Lepski turned this over in his mind. He decided that most of it was true, but not all of it.

‘What do you mean . . . he was trying to hire a boat, but after the last time, no one would rent him one?’

‘He was here a couple of months ago. He hired a motor boat and ran into trouble. The boat was sunk.’

Lepski squinted at her.

‘Sunk? How?’

‘Someone shot holes in it. Don’t ask me. I don’t know. He didn’t tell me. All I know is the boat was sunk.’

‘Who rented the boat to him?’

‘I don’t know.’

‘Who were his friends in Paradise?’

Mai hesitated, then said sullenly, ‘Solo Dominico and Danny O’Brien.’

Well, that checked, Lepski thought. At least she seemed to be telling the truth.

‘So he left you here and took his bag back to Paradise City’s airport. Why did he do that?’

‘He wanted a safe place to leave the bag.’

‘Why?’

‘There was something in it he wanted to guard.’’

‘What?’

She clenched her fists.

‘I don’t know. Why don’t you leave me alone?’

‘Did he say he wanted to guard something in the bag?’

‘Yes.’

‘But he didn’t say what?’

‘No.’

‘And you didn’t ask him?’

‘No.’

‘How big was the bag, Mai?’

‘An ordinary suitcase . . . white plastic with a red band around it . . . an ordinary suitcase.’

Lepski stiffened. He had a feeling he was walking over someone’s grave.

‘Let’s have that again.’

She stared at him. The tip of her tongue passed over her lips.

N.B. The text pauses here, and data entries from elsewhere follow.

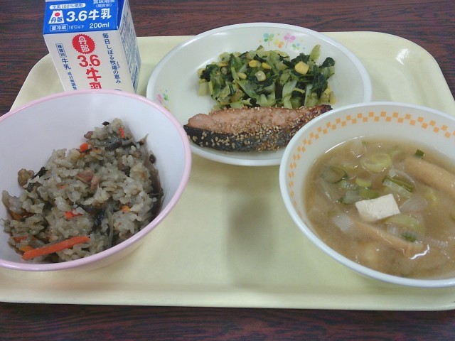 今日の給食は、「五目炊き込みご飯、牛乳、鮭のごま焼き、ほうれん草の炒め物、いも餅と豆腐のみそ汁」でした。今日の給食は6年生が考えた献立でした。
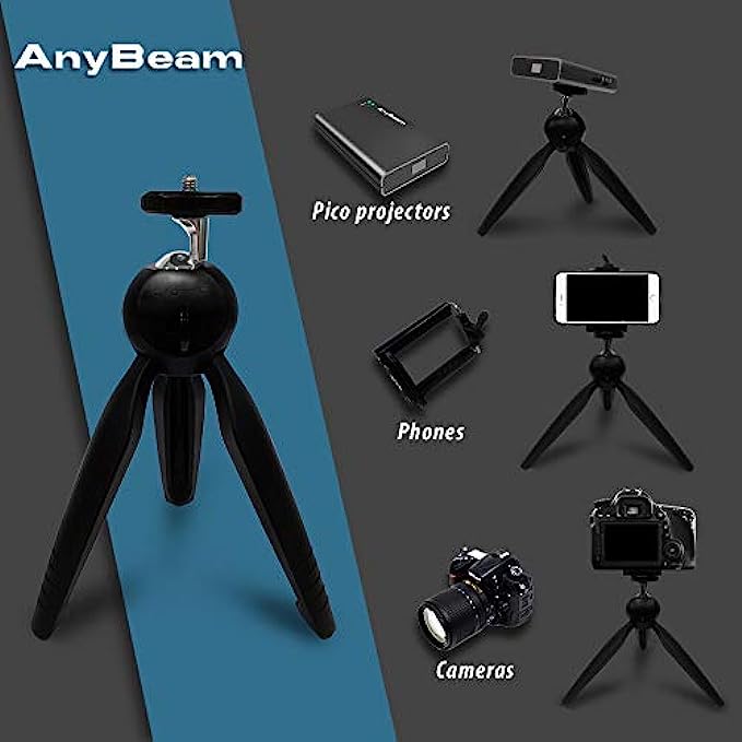 AnyBeam Mini Tabletop Tripod with Detachable Phone Holder, Compact and Lightweight, Travel Ready, Compatible with AnyBeam pico Projector, DSLRs, Compact Cameras, Phones, Webcams, Selfie Sticks
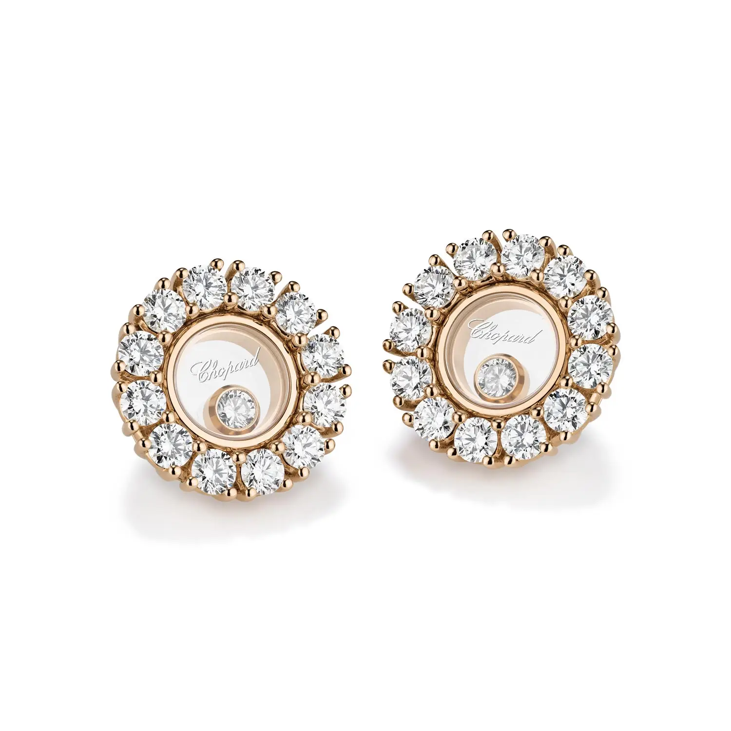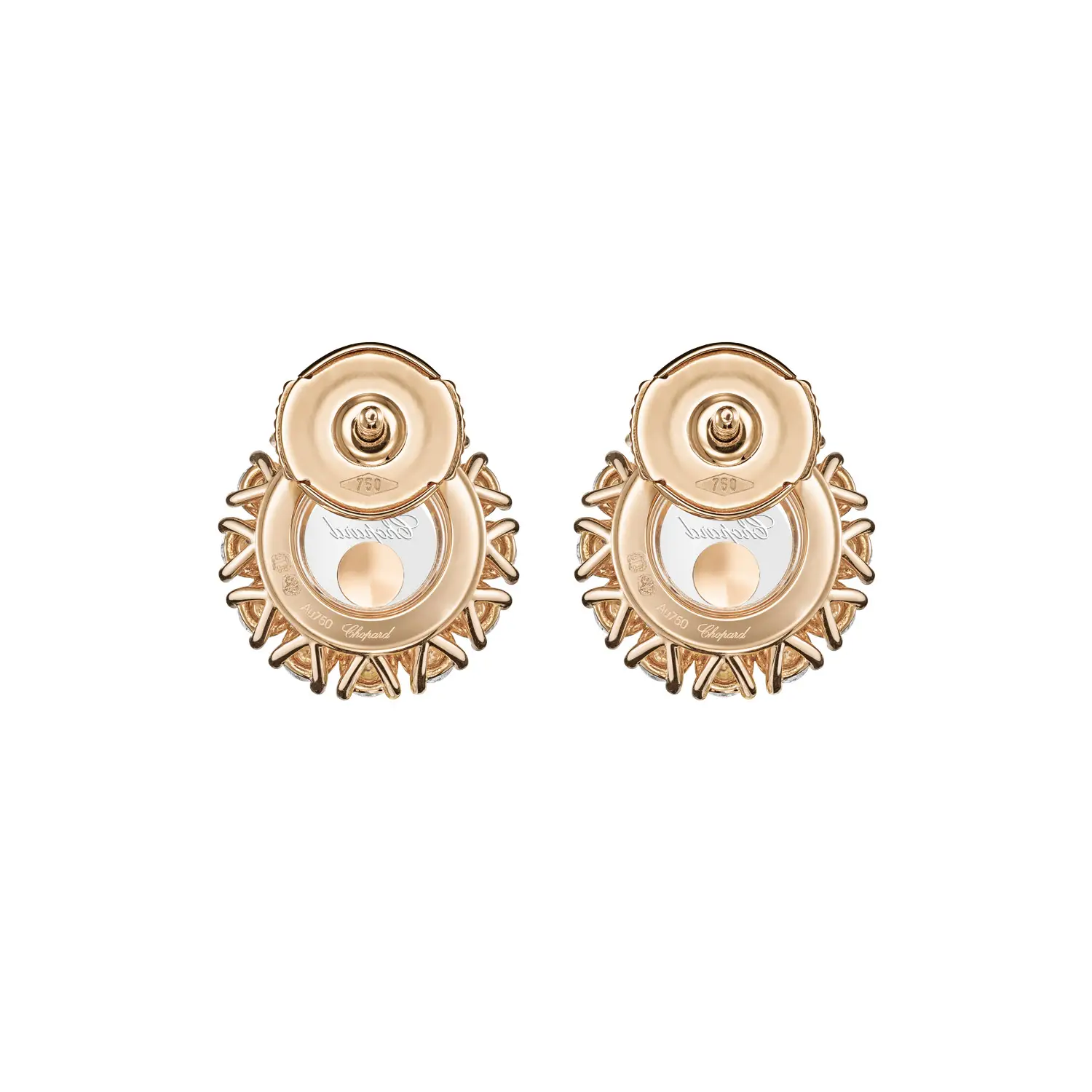 Серьги Chopard Happy Diamonds 83A609-5001 воплощают элегантность, движение и свет – три ключевых элемента коллекции Happy Diamonds. Изготовлены из этичного розового золота 18 карат, украшены подвижными бриллиантами, свободно танцующими между двумя сапфировыми стёклами. Общий вес бриллиантов — около 1,20 карата.
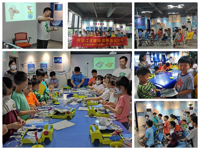 6月18日上午十点,尖山湖社区青少年创客工坊带领辖区30余名少年儿童们体验了国家级非物质文化遗产项目——扎染技艺。
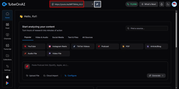 Step 2: Paste the Link in TubeOnAI
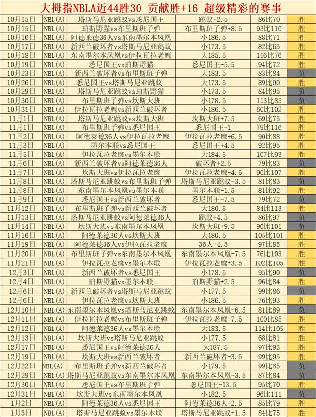 NBLA近44场胜30场,贡献胜+16,长期精彩的赛事。近30天胜17天合计胜+14,非常惊人的胜+表现
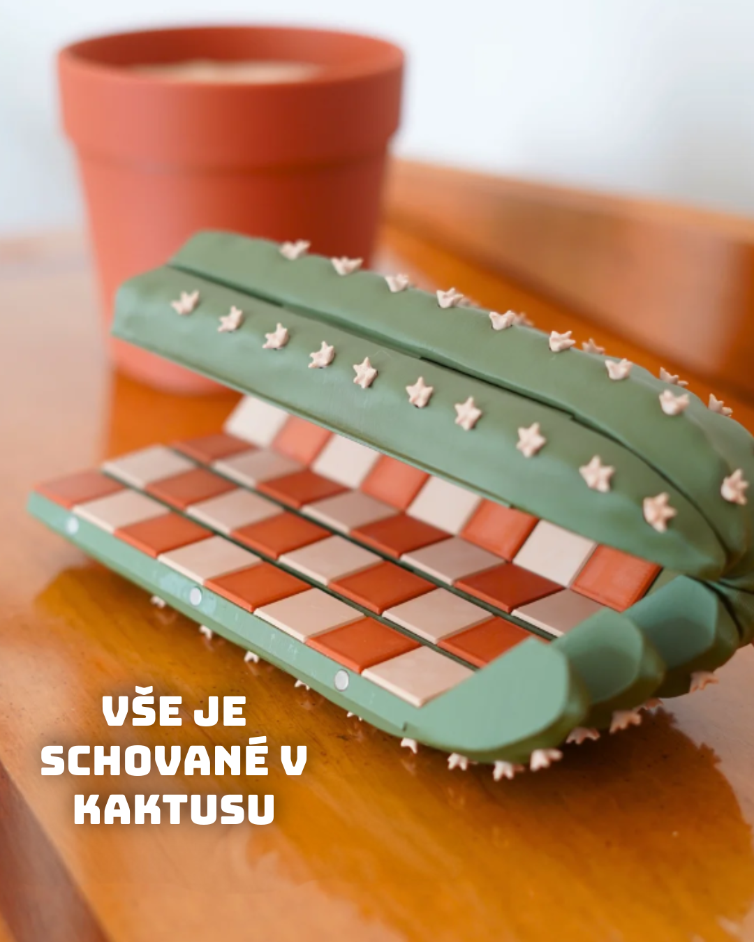 Šachy ještě nikdy nevypadaly tak zábavně! Tahle sada spojuje vše, co miluješ – originální design, promyšlené detaily a hravost. Vše je inspirované kaktusy, a přitom plně funkční:
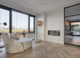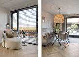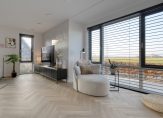 Zodra je binnenstapt, valt de prachtige visgraatvloer direct op. Via de stalen glazen deur kijk je door de woning heen en trekt het vrije uitzicht over de weilanden meteen je aandacht. Die zichtlijn geeft rust, ruimte en een gevoel van privacy dat je elke dag opnieuw waardeert.
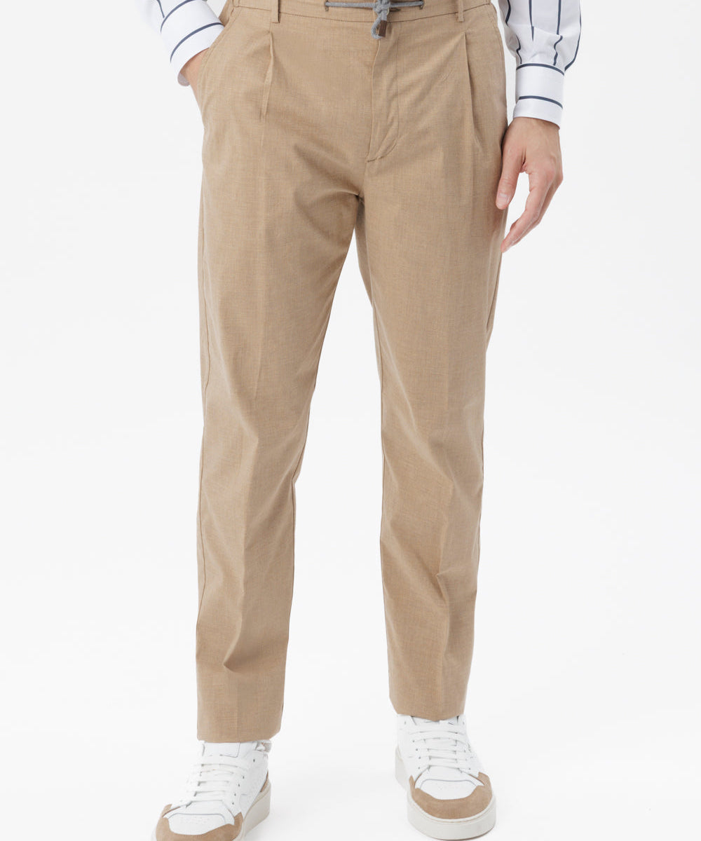 Pantaloni Amalfi in cotone Principe di Galles beige

‘It was just an ordinary suitcase.’

‘Go on . . . describe it.’

‘Oh, for God’s sake. It was old and shabby and white, made of plastic with a red band painted around it.’

Lepski decided fate was taking a hand in getting him his promotion.

It was only with difficulty that he kept his face deadpan.

‘Now tell me who he was afraid of.’

She shifted further back on the divan, her eyes suddenly scared.

‘I told you . . . I don’t know.’

Lepski got to his feet. He picked up his shield and put it in his wallet. He was now sure she did know who was after Baldy and this could come out only under an official interrogation. He was wasting time trying to get anything further out of her.